Shortly after the discovery of America, the Spanish people became obsessed with the idea that somewhere in the interior of the New World, there were rich mines of gold and silver, and various expeditions were sent out to search for these treasures. As every important event in history is the sequence of something which went before, to gain an intelligent understanding of the expedition of Francisco Vasquez de Coronado, in search of the Seven Cities of Cibola and the country of Quivira (1540-42), it is necessary to notice the occurrences of the preceding decade briefly. Pedro de Castaneda, the historian of the expedition, began his narrative as follows:
“In the year 1530, Nuno de Guzman, who was president of New Spain, had in his possession an Indian, one of the natives of the Valley of Otixipar, who was called Tejo by the Spaniards. This Indian said he was the son of a trader who was dead, but that when he was a little boy, his father had gone into the backcountry with fine feathers to trade for ornaments and that when he came back, he brought a large amount of gold and silver, of which there is a good deal in that country. He went with him once or twice and saw some very large villages, which he compared to Mexico and its environs. He had seen seven very large towns which had their streets of silver workers.”

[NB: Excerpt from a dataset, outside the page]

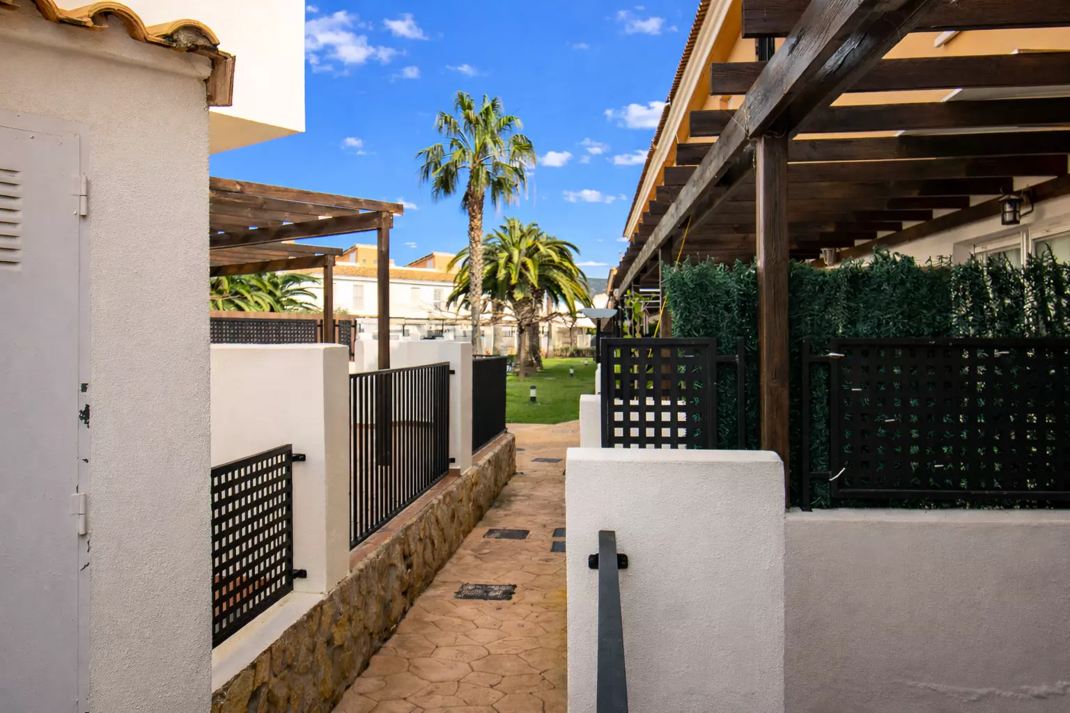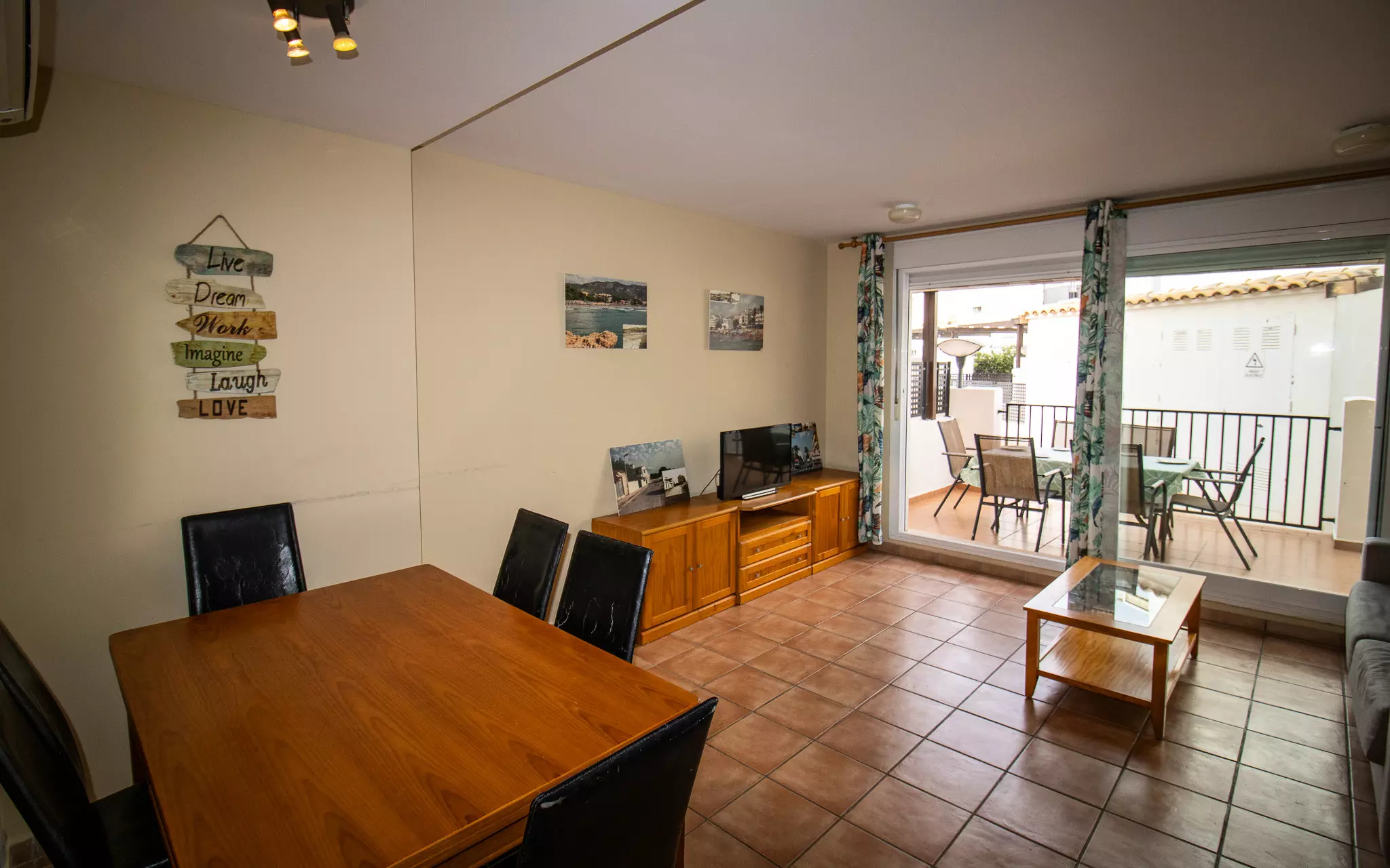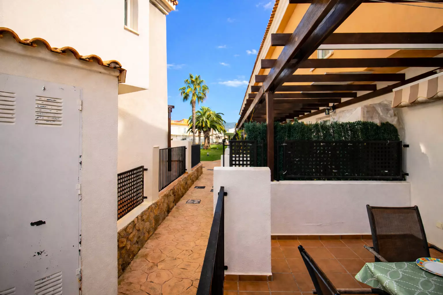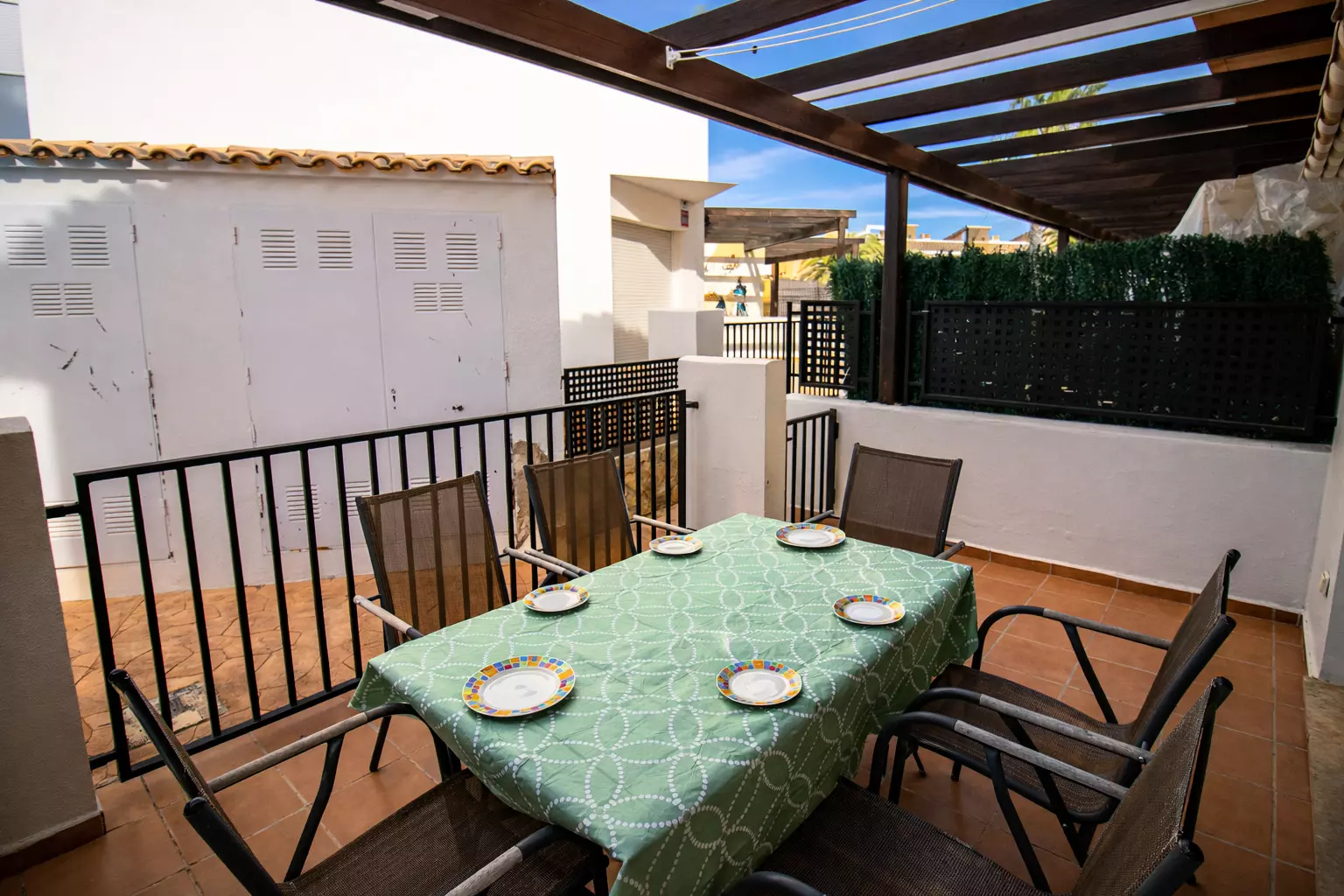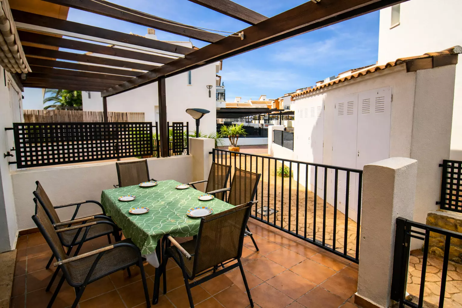 Elle dispose de jardin, mobilier de jardin, clôture, terrasse, lave-linge, fer à repasser, accès internet (wifi), chauffage pompe à chaleur, climatisation dans le salon et certaines chambres, piscine collective+infantile, parking extérieur même bâtiment, TV, tv satellite (Langues: Espagnol).

The effect of a story of this nature upon the Spanish mind can be readily imagined. It aroused the curiosity, ambition, and greed of Guzman and exercised an influence on all the enterprises he directed along the Pacific Coast to the north. Gathering together a force of some 400 Spaniards and several thousand friendly Indians, he started in search of the “Seven Cities.” But before he had covered half the distance, he met with serious obstacles, his men became dissatisfied and insisted on turning back. At about the same time Guzman received information that his rival, Hernando Cortez, had come from Spain with new titles and powers, so he abandoned the enterprise. Before turning his face homeward, however, he founded the town of Culiacan, from which incursions were made into southern Sonora to capture and enslave the natives.
In 1535 Don Antonio de Mendoza became viceroy of New Spain. The following spring, there arrived in New Spain Cabeça de Vaca, Alonso del Castillo Maldonado, Andres Dorantes, and a black man named Estevanico, survivors of the Narvaez expedition which had sailed from Spain in June 1527. For six years, these men had been captives among the Indians of the interior, from which they had heard stories of rich copper mines and pearl fisheries. These stories they repeated to Mendoza, who bought the black man to have him act as a guide to an expedition to explore the country. Still, it was three years later before a favorable opportunity for his project was offered.
In 1538 Guzman was imprisoned by a Juez de Residencia, who worked for Diego Perez de la Torre, who ruled Culiacan’s province for a short time. When Mendoza appointed his friend, Francisco Vasquez de Coronado, governor of the province of New Galicia, situated on the west coast of Mexico, the new province included the old one of Culiacan. Coronado had come to New Spain with Mendoza in 1535. Two years later, he married Beatrice de Estrada, a cousin by blood of Charles V, King of Spain. About the time of his marriage, Mendoza sent him to quell a revolt among the Indians in the mines of Amatapeque, which he did very successfully. Because of his success and probably his family ties, the viceroy appointed him governor of New Galicia.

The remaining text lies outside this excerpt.